Regina und Bernd Finken aus Bremen, am 20. Mai 2018
DAS BESTE ZUM SCHLUSS: SCHWERE JUNGS

Wenn Nathalie Bretschneider als Dr. Viola Weiß „die Olle“ mit beseeltem Gesicht lautlos die berühmten Worte des großen Shakespeare rezitiert, wenn Joachim Börker als Direktor Spangenberger feengleich über die Bühne schwebt und sich selber mit mitreißendem brüllendem Lachen begleitet, wenn Thorsten Hamer in der Rolle des Knille verzweifelt versucht, sich mit der Klinge unfallfrei zu rasieren, ohne sich dabei anzuschauen, weil er seinen Anblick nicht ertragen kann, wenn Marco Linke versucht das Geheimnis von zwei Orangen bei Frauenkostümen zu ergründen, wenn Patrick Michel als lebende Mauer jeden Baumeister vor Neid erblassen lässt und wenn der unvergleichliche Hermes Schmid den köstlichen Robby gibt, der seinen Barbiepuppen lachtränenreiches Leben einhaucht, dann…

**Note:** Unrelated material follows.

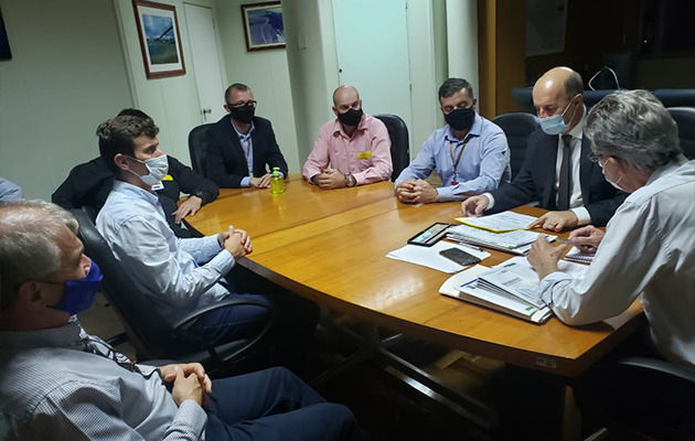 O prefeito de Meleiro, Eder Mattos, presidente da Câmara de Vereadores, Joel De Luca, e os vereadores Jonas Ostetto e Anderson Scarduelli estiveram em Florianópolis, em audiência com o secretário de Estado da Infraestrutura e Mobilidade, Leodegar Tiscoski e o deputado Estadual Zé Milton.

…ja dann hat der Meister des Komödientheaters wieder einmal seinen Stift gespitzt, um uns Zuschauern einen unvergesslichen Abend zu bereiten. Und wie es sich gehört, hat das neue Stück in Weyhe als letzte Inszenierung vor der Sommerpause auch die höchste Lachdichte der Saison. Macht Frank Pinkus das mit Absicht? Sollen wir eine ganze Sommerpause lang so richtig schmerzhaft fühlen, wie öde Wochen ohne das Weyher Theater sein können? Na, wenigstens wissen wir, dass Frank Pinkus auch in den Ferien nicht untätig bleibt und alles dafür tun wird, uns auch in der kommenden Saison ganz schnell wieder in den Lachkollaps zu schicken. Wie er es mit seinen schweren Jungs tut. Ein Abend mit Dauerlachen ist garantiert und wenn man gerade mal einen Moment nicht lacht, kommt man nicht umhin, per Szenenapplaus den großartigen Leistungen auf der Bühne zu huldigen. So schön kann Theater sein! Und wir waren nicht die einzigen, die einfach nur begeistert waren. Dafür zeugten die Gesprächsfetzen, die wir in der Pause und nach dem Ende von den anderen Besuchern aufschnappten. Ein untrügliches Zeichen für Zuschauerbegeisterung ist die Geschwindigkeit, mit der das Publikum nach dem Finale das Haus verlässt. Und gestern hatten alle gewaltig viel Zeit mit dem Heimweg. Viel wichtiger war es, noch ein wenig in der Menge zu stehen und weiterzulachen. Oh war das ein schöner Abend!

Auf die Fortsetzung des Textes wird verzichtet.